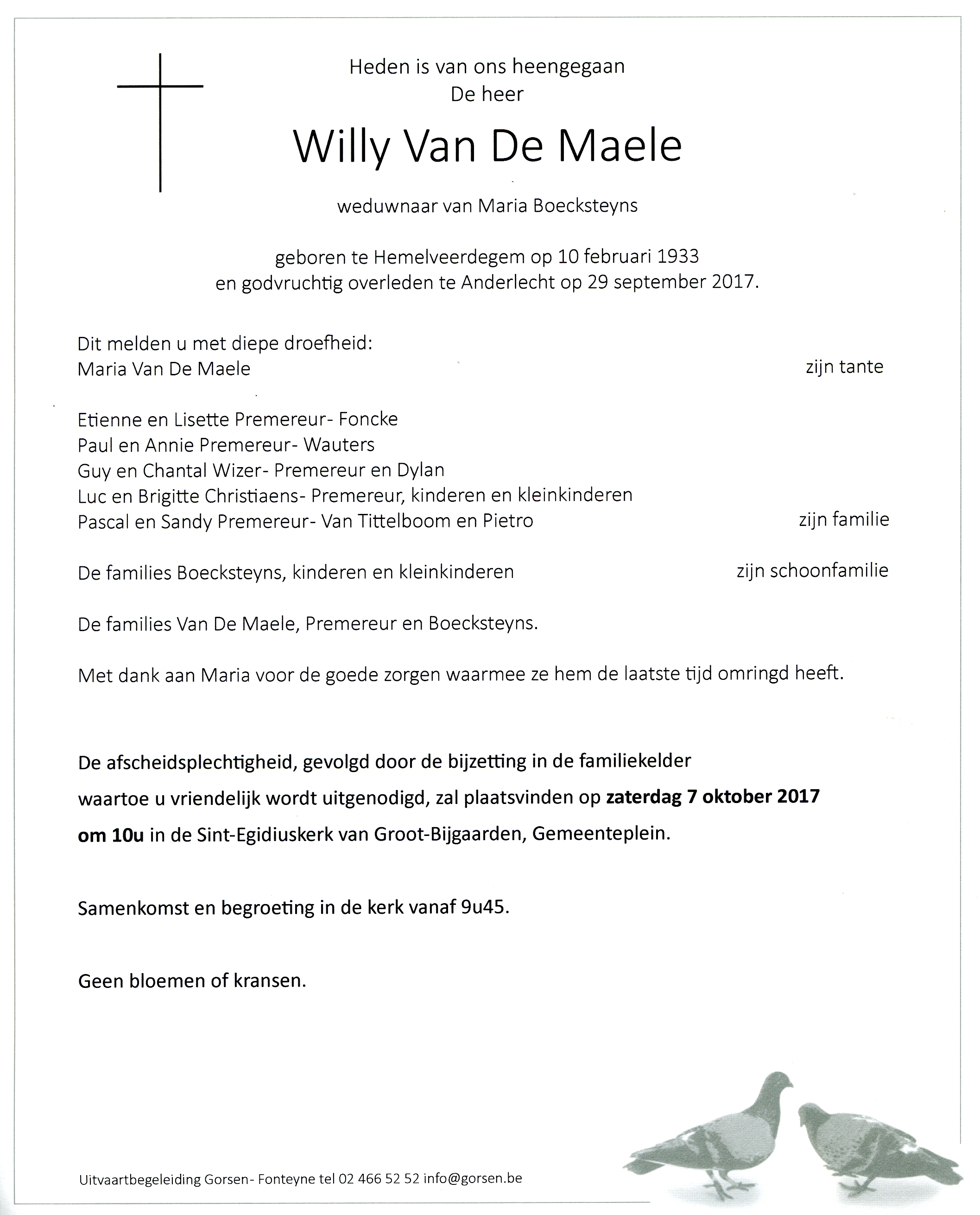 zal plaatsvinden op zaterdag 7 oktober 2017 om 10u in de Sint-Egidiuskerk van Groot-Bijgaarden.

+++

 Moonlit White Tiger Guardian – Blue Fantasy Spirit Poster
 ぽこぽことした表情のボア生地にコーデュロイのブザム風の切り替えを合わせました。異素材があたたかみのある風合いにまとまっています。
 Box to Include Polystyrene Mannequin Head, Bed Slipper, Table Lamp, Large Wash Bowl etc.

+++

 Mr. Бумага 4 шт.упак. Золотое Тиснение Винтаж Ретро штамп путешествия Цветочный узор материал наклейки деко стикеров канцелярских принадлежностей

+++

Only the lines above starting at the line that holds "Moonlit White Tiger" and ending at the line that holds "Box to Include" are to be repeated, exactly and in full.

** SOLUTION FOR THIS EXERCISE **
 Moonlit White Tiger Guardian – Blue Fantasy Spirit Poster
 ぽこぽことした表情のボア生地にコーデュロイのブザム風の切り替えを合わせました。異素材があたたかみのある風合いにまとまっています。
 Box to Include Polystyrene Mannequin Head, Bed Slipper, Table Lamp, Large Wash Bowl etc.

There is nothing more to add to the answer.